[Saved data entries]
■ ■ ■

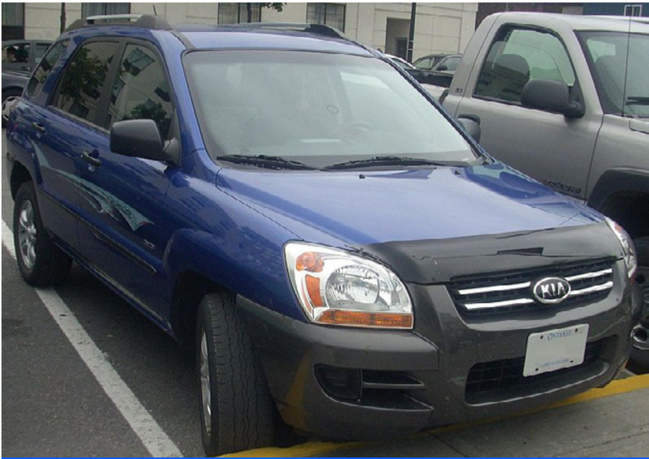
2005-08 KIA Sportage
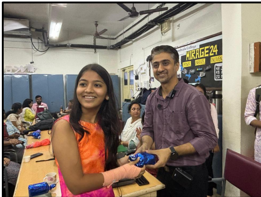
“A small gift to honor your huge impact”
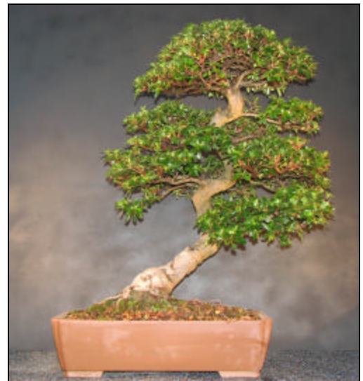
Satsuki Azalea “Kaho”
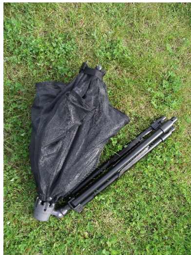
Take newly assembled screen and tripod
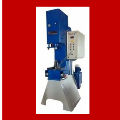
Hydraulic C Frame Press
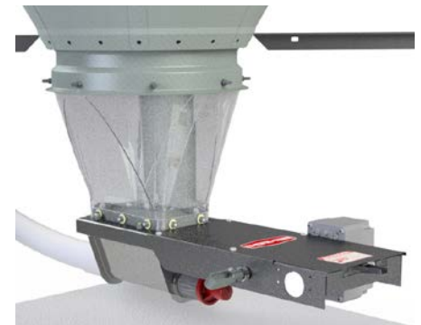
Single Boot Slide Actuator
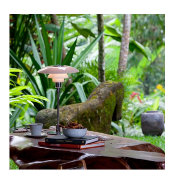
Chapung SeBali Resort & Spa
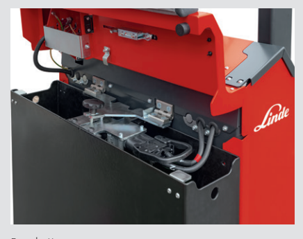
Easy battery access
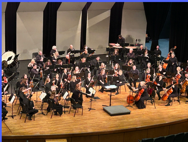
Northland Symphony Orchestra April 6, 2025
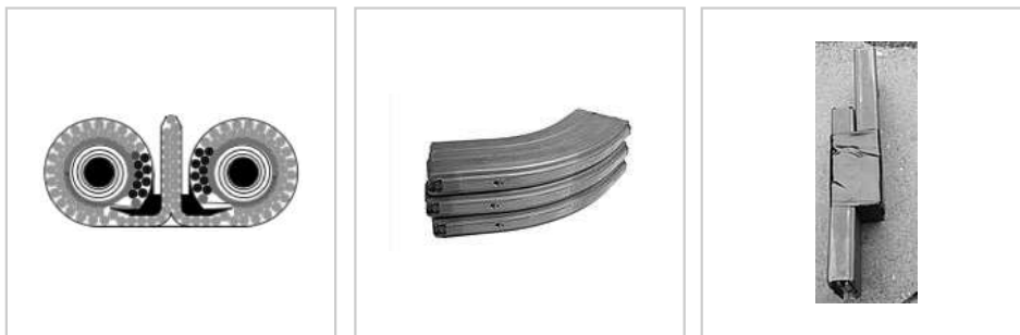
Diagram of a In order to comply Two STANAG 30- STANAG Beta C with civilian legal round magazines magazine restrictions. placed together with duct tape in the magazines may be "Jungle style". pinned to hold only 5 rounds.
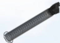
Funnel w/ 6" Hose Adapter PN 170110
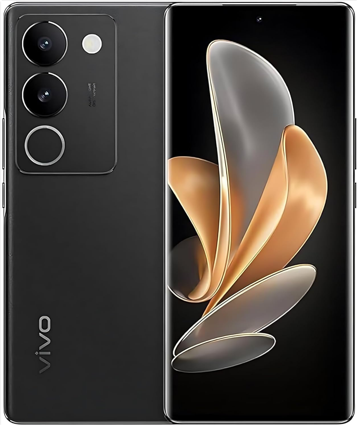
Figure 4.1: Front and Rear View of VIVO V29 Pro 5G. Shows the curved display, front camera, and the triple rear camera module with Aura Light.

Familiarize yourself with the physical components of your VIVO V29 Pro 5G smartphone.
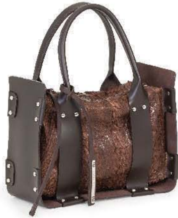
Ref: DG017/02 Coffee/Coffee

Aiyra P - DG017 Mini Bowling Bag in hake skin and leather straps H: 35cm W: 28cm D: 10cm
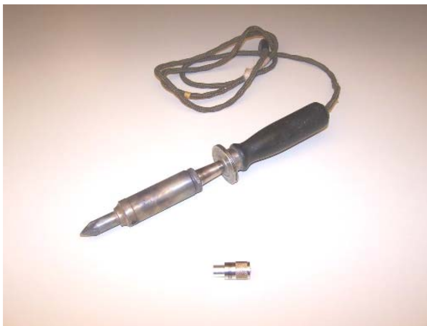
Black Beauty Soldering Iron (with a PL-259 to show scale)

With the right tools, your coax connections will be more reliable, which prevents failures at inconvenient moments. In recent years I'd taken to the "K9TM cable postulate"; that is, "Life is too short to make your own cables". The consequence was that I'd taken to buying pre-made cables from companies like Cable XPerTs. But now that I have the right tools and the right procedure, installing PL-259s on coax cables is no longer dreaded, but is almost fun. And it's a highly useful skill when you need to make specialized cables for your next big array □
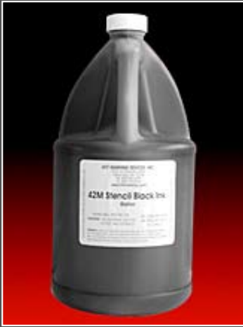
#42M Stencil Ink Gallon Bottle - BLACK

For marking and stenciling iron, steel drums, boilers, sidewalks and any painted or non-absorbent surfaces. Drying time: Will set to the touch in 5 minutes. Will dry in 10 to 15 minutes. Comes in: Black, Red, Blue, Green, White, Yellow, Orange, Brown, Silver. MIL-I-1795A, TT-I-558.
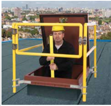
NEW! Bil-Guard® 2.0 Hatch Safety Railing System
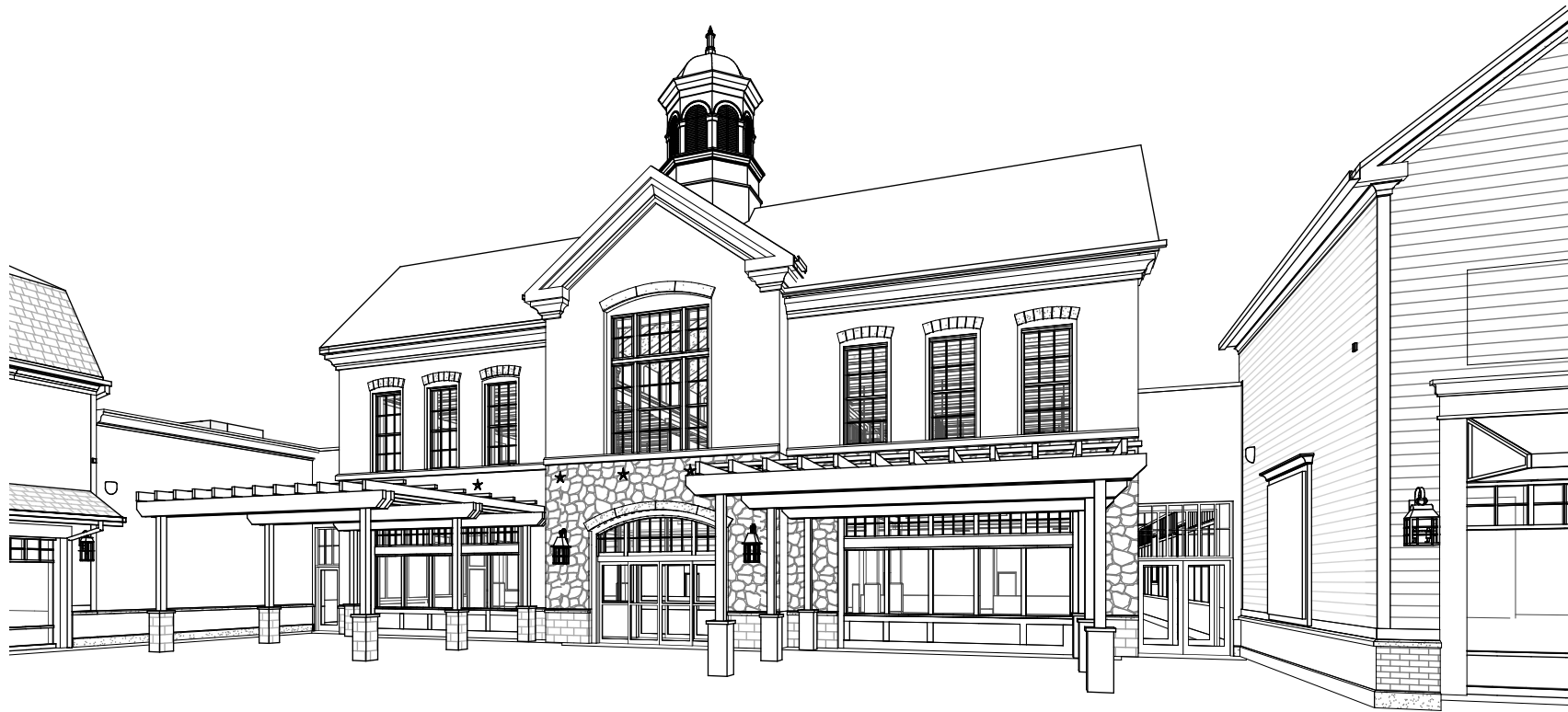
FOOD COURT, CONSTRUCTION DOCUMENT MODEL
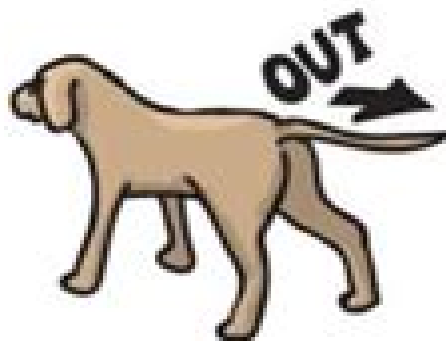
Neutral and exploring
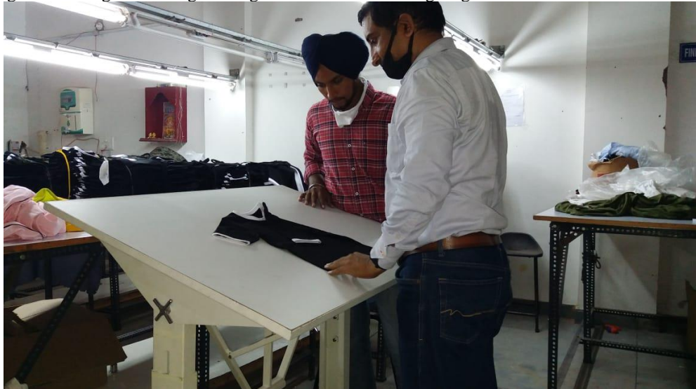
Picture 3: Demonstrating Finishing stage of Garment Folding using Prototype of table. The slope of the table has been adjusted to 30 degree angle. Here hand movements are smooth as ease of operation with both hands is possible. There is smooth movement with least stress and tension of arm, wrist and hand muscles.

The modifications proved to be feasible and there was no evidence found to record any form of deterioration in quality of work being done during the folding of the garments at the finishing stage.

■ ■ ■

* [What you should do]: Reproduce the whole of the data, word for word, and omit its pictures.

* [Answer for the task]:
2005-08 KIA Sportage
“A small gift to honor your huge impact”
Satsuki Azalea “Kaho”
Take newly assembled screen and tripod
Hydraulic C Frame Press
Single Boot Slide Actuator
Chapung SeBali Resort & Spa
Easy battery access
Northland Symphony Orchestra April 6, 2025
Diagram of a In order to comply Two STANAG 30- STANAG Beta C with civilian legal round magazines magazine restrictions. placed together with duct tape in the magazines may be "Jungle style". pinned to hold only 5 rounds.
Funnel w/ 6" Hose Adapter PN 170110
Figure 4.1: Front and Rear View of VIVO V29 Pro 5G. Shows the curved display, front camera, and the triple rear camera module with Aura Light.

Familiarize yourself with the physical components of your VIVO V29 Pro 5G smartphone.
Ref: DG017/02 Coffee/Coffee

Aiyra P - DG017 Mini Bowling Bag in hake skin and leather straps H: 35cm W: 28cm D: 10cm
Black Beauty Soldering Iron (with a PL-259 to show scale)

With the right tools, your coax connections will be more reliable, which prevents failures at inconvenient moments. In recent years I'd taken to the "K9TM cable postulate"; that is, "Life is too short to make your own cables". The consequence was that I'd taken to buying pre-made cables from companies like Cable XPerTs. But now that I have the right tools and the right procedure, installing PL-259s on coax cables is no longer dreaded, but is almost fun. And it's a highly useful skill when you need to make specialized cables for your next big array □
#42M Stencil Ink Gallon Bottle - BLACK

For marking and stenciling iron, steel drums, boilers, sidewalks and any painted or non-absorbent surfaces. Drying time: Will set to the touch in 5 minutes. Will dry in 10 to 15 minutes. Comes in: Black, Red, Blue, Green, White, Yellow, Orange, Brown, Silver. MIL-I-1795A, TT-I-558.
NEW! Bil-Guard® 2.0 Hatch Safety Railing System
FOOD COURT, CONSTRUCTION DOCUMENT MODEL
Neutral and exploring
Picture 3: Demonstrating Finishing stage of Garment Folding using Prototype of table. The slope of the table has been adjusted to 30 degree angle. Here hand movements are smooth as ease of operation with both hands is possible. There is smooth movement with least stress and tension of arm, wrist and hand muscles.

The modifications proved to be feasible and there was no evidence found to record any form of deterioration in quality of work being done during the folding of the garments at the finishing stage.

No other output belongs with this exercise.